Items from a dataset
_ _ _
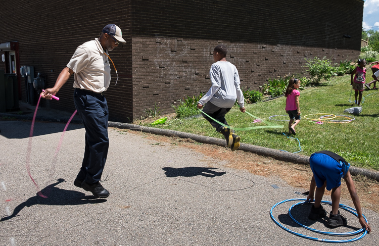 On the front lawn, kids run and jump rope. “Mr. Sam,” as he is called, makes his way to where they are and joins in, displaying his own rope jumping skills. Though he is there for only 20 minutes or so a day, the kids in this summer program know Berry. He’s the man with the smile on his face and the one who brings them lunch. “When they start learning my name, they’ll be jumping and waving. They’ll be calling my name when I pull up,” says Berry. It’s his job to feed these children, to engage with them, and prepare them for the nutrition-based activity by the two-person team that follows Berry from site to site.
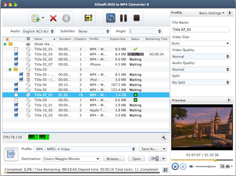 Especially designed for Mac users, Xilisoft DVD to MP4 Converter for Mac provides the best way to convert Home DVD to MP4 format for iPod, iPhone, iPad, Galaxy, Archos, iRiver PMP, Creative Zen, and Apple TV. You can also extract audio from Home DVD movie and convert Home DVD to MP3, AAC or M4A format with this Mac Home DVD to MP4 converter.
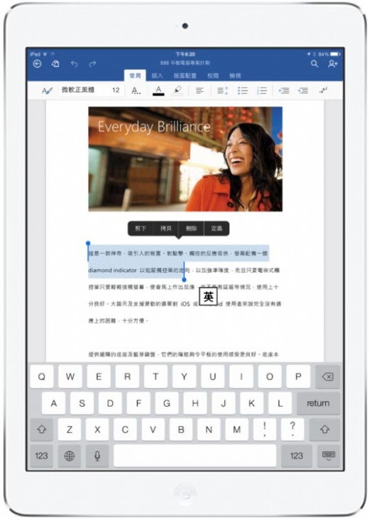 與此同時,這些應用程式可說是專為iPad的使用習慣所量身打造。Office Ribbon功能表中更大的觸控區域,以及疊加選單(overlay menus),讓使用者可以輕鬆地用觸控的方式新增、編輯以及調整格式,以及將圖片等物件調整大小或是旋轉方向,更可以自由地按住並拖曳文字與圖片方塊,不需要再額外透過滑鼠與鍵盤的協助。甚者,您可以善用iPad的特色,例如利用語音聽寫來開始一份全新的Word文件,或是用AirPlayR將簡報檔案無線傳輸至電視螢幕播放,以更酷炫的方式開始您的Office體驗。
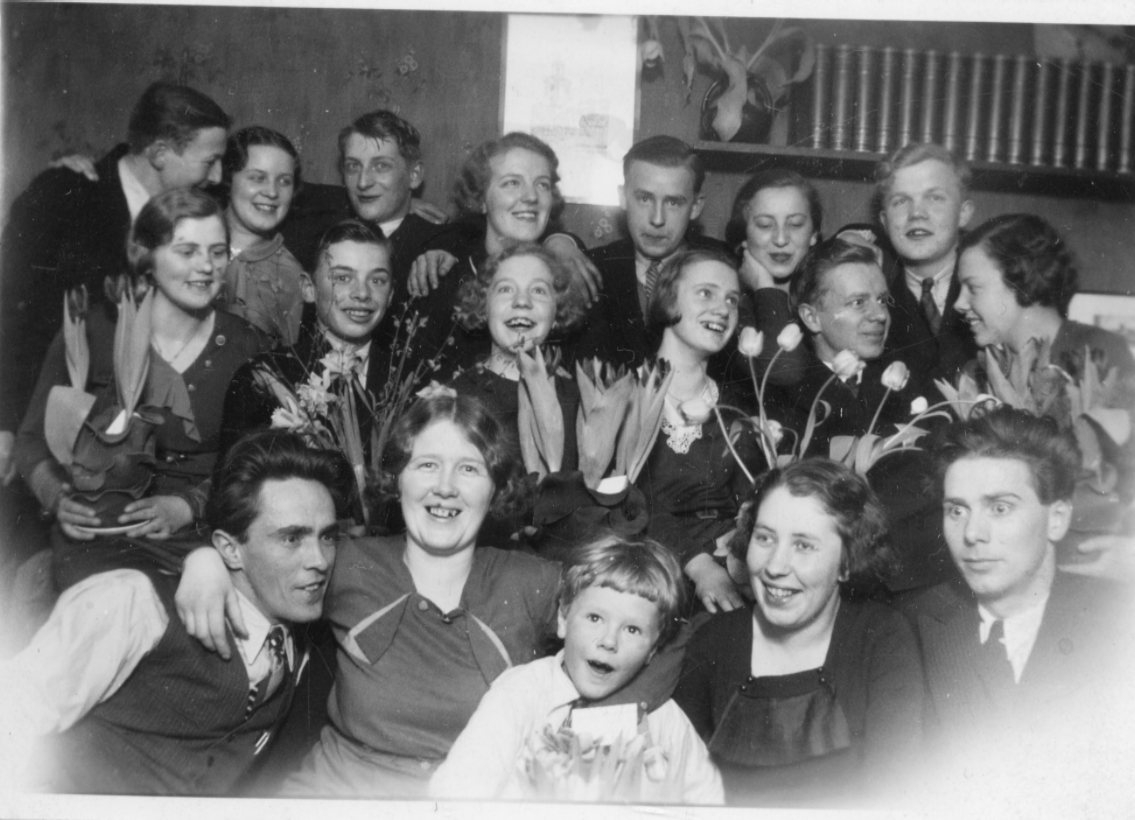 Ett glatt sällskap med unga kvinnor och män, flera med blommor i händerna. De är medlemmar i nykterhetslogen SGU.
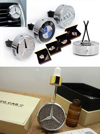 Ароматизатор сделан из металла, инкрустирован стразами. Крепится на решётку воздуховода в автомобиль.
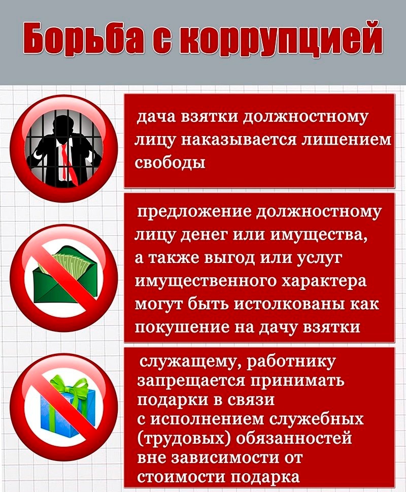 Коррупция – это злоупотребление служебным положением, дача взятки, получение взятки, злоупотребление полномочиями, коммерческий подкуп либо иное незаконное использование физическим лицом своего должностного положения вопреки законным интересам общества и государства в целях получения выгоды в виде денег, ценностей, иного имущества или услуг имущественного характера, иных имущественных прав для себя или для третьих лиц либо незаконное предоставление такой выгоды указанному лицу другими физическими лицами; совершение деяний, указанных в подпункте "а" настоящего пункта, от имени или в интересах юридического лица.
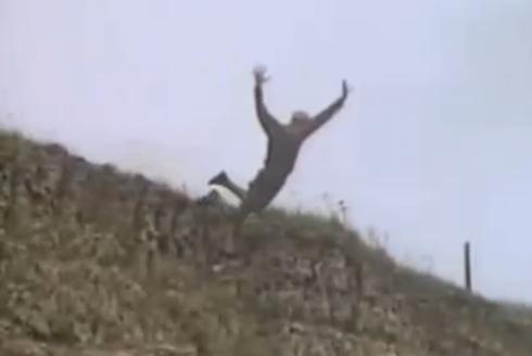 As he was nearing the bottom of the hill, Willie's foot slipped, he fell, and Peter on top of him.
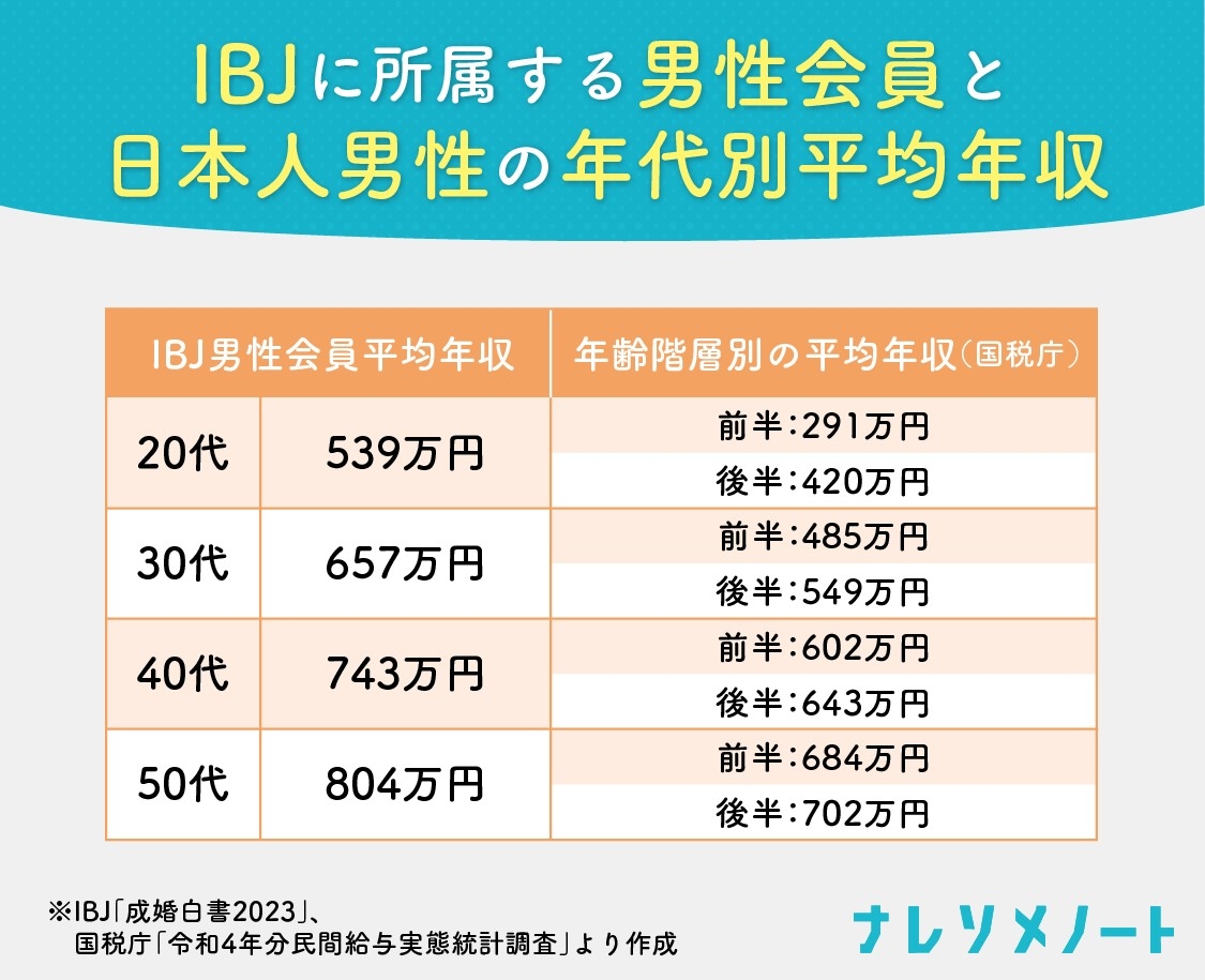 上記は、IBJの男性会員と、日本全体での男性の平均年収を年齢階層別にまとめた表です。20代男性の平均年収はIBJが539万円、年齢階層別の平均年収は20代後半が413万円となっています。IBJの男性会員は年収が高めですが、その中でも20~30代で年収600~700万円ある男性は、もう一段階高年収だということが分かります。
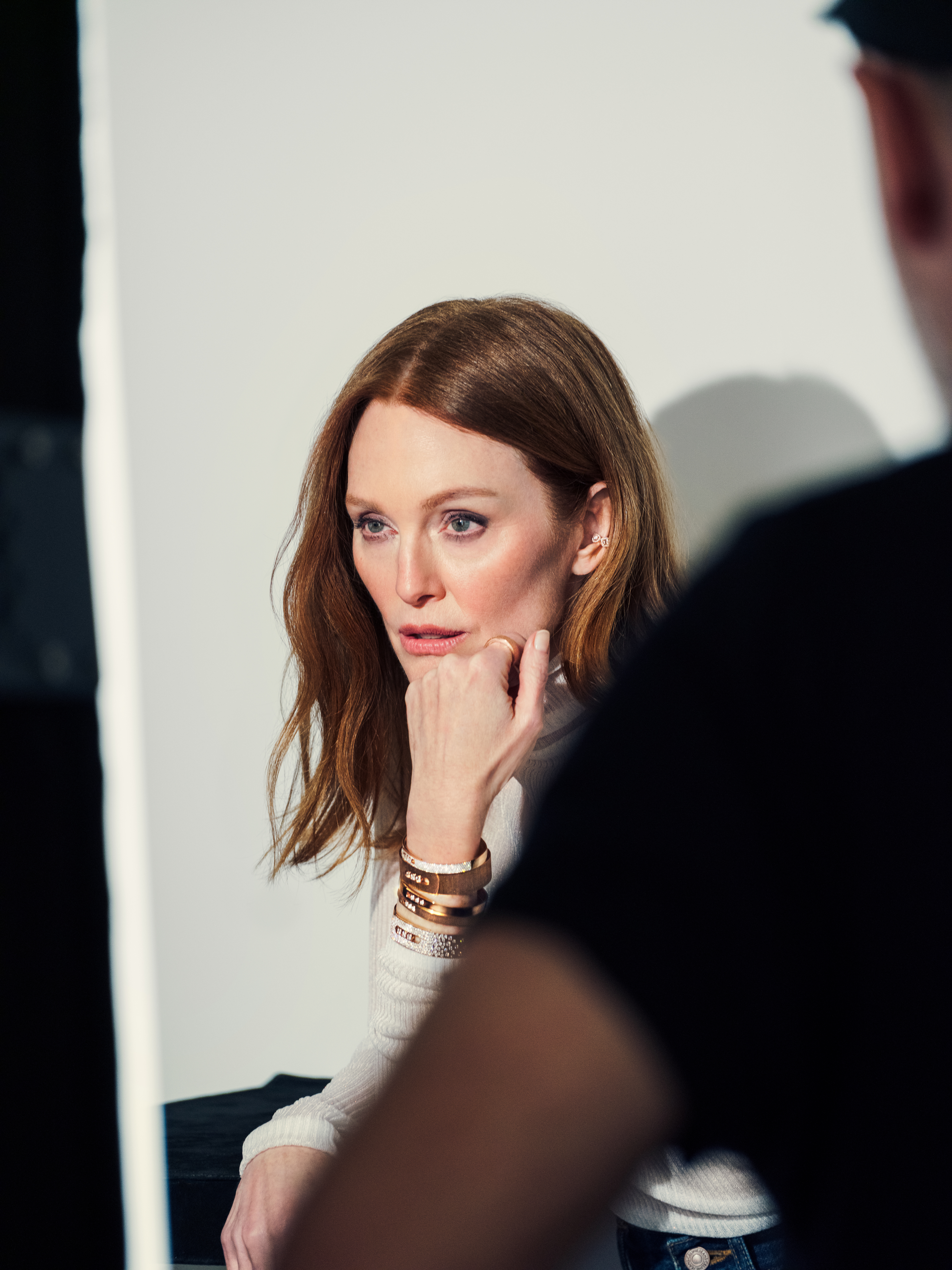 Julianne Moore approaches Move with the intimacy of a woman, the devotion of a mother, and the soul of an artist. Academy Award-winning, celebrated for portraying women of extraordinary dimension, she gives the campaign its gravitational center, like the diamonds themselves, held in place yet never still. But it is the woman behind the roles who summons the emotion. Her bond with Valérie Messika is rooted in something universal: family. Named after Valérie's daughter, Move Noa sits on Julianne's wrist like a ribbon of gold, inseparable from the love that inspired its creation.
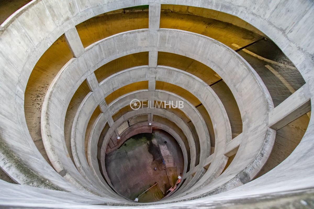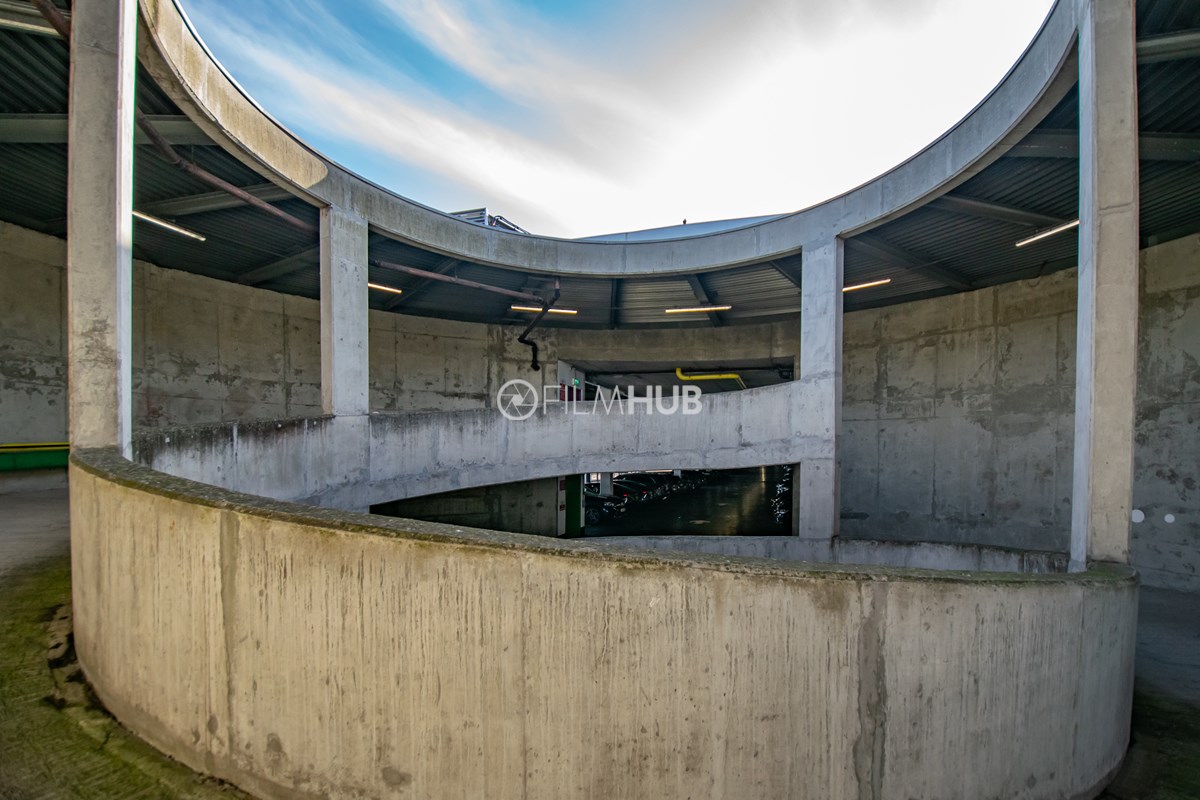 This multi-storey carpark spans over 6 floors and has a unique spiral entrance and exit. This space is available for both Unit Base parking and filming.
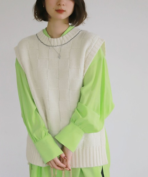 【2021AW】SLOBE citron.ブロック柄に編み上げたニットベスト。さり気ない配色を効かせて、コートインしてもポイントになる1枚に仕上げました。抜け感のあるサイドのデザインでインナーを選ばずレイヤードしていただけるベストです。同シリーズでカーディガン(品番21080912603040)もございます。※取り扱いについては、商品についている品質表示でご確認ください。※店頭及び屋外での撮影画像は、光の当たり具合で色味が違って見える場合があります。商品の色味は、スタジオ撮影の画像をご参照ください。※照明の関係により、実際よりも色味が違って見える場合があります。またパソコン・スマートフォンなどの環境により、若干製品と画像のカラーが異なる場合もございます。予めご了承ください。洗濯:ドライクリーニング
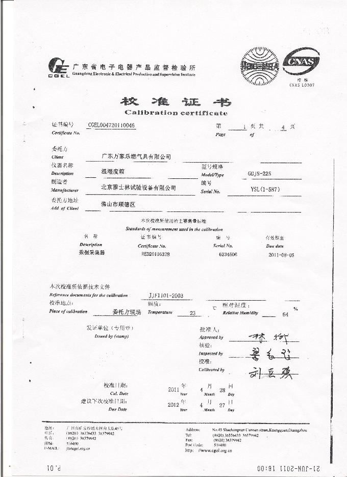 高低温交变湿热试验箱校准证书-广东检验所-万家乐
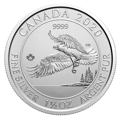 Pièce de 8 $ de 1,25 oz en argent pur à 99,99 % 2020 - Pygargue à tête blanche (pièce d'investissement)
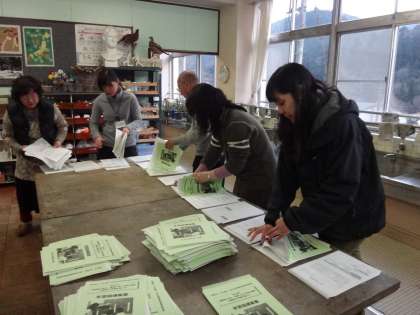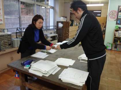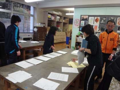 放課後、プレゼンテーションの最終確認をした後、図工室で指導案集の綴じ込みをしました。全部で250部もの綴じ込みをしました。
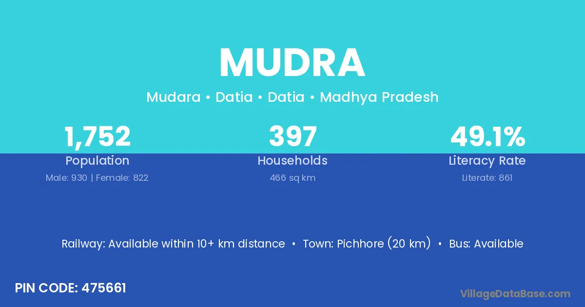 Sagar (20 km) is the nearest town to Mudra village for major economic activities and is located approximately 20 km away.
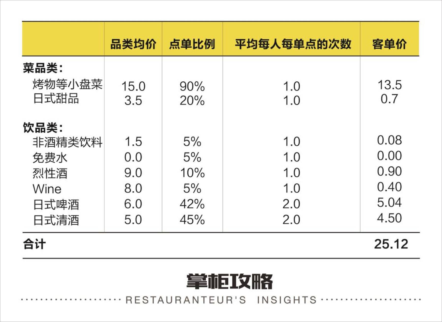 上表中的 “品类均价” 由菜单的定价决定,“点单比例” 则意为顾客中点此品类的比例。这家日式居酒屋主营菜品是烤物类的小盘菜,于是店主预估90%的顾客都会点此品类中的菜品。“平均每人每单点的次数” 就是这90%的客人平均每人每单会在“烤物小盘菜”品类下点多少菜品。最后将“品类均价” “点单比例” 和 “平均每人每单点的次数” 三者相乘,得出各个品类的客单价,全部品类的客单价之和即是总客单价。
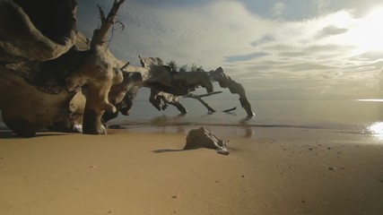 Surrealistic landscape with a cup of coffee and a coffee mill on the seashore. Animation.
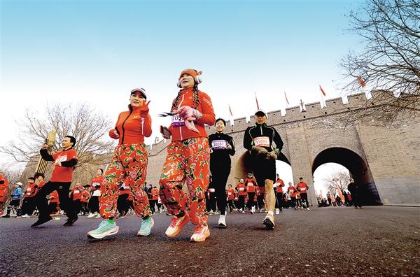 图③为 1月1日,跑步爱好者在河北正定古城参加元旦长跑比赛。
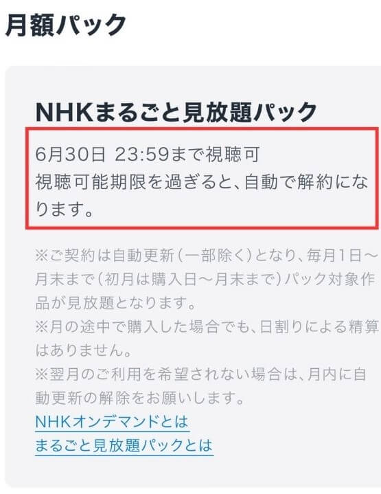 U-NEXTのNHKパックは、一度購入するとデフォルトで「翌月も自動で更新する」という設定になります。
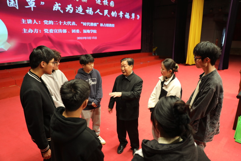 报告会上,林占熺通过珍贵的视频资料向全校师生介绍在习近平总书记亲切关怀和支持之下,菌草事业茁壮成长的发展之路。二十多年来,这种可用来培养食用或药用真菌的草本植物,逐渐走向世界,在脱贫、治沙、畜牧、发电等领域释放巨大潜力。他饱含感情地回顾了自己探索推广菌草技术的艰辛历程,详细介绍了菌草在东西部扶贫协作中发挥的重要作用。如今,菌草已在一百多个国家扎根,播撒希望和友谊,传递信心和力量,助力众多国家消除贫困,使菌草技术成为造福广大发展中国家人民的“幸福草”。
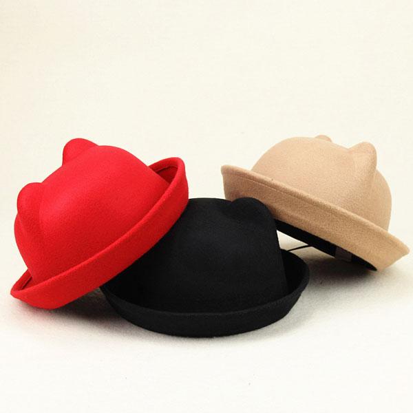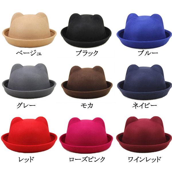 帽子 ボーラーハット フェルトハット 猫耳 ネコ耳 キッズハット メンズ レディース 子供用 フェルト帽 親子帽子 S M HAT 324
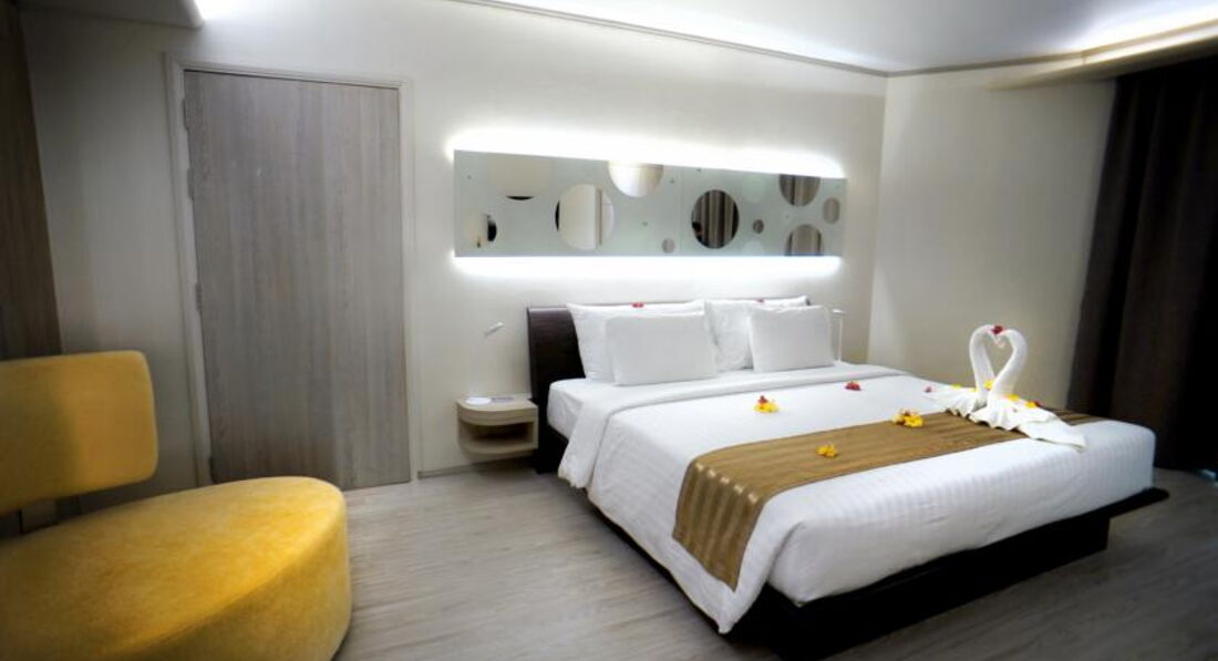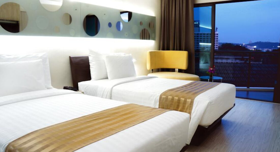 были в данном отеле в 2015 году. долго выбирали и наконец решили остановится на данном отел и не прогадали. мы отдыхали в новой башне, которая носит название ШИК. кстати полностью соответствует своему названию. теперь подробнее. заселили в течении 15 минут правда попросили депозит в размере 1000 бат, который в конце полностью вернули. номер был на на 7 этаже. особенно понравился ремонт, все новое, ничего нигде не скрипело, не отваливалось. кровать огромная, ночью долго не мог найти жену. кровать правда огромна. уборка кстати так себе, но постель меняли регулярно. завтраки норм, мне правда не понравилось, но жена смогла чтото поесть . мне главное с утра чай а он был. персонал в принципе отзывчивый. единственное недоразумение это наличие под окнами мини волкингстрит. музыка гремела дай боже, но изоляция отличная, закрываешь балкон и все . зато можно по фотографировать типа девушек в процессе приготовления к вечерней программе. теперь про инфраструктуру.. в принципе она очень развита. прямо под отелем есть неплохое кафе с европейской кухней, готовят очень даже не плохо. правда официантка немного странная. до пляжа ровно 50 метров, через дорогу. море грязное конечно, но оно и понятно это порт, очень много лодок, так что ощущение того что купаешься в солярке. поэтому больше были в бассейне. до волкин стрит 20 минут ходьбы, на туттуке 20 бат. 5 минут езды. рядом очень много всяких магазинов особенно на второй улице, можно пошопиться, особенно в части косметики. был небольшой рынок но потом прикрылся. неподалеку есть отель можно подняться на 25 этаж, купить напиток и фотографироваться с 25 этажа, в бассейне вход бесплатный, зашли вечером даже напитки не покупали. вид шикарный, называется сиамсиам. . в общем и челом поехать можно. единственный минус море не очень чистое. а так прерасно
_ _ _
_Directions_
Give the lines above again exactly, from the one containing "报告会上,林占熺通过珍贵的视" to the one containing "帽子 ボーラーハット フェルトハット", both included, but leave out the pictures.

_Worked solution_
 报告会上,林占熺通过珍贵的视频资料向全校师生介绍在习近平总书记亲切关怀和支持之下,菌草事业茁壮成长的发展之路。二十多年来,这种可用来培养食用或药用真菌的草本植物,逐渐走向世界,在脱贫、治沙、畜牧、发电等领域释放巨大潜力。他饱含感情地回顾了自己探索推广菌草技术的艰辛历程,详细介绍了菌草在东西部扶贫协作中发挥的重要作用。如今,菌草已在一百多个国家扎根,播撒希望和友谊,传递信心和力量,助力众多国家消除贫困,使菌草技术成为造福广大发展中国家人民的“幸福草”。
 帽子 ボーラーハット フェルトハット 猫耳 ネコ耳 キッズハット メンズ レディース 子供用 フェルト帽 親子帽子 S M HAT 324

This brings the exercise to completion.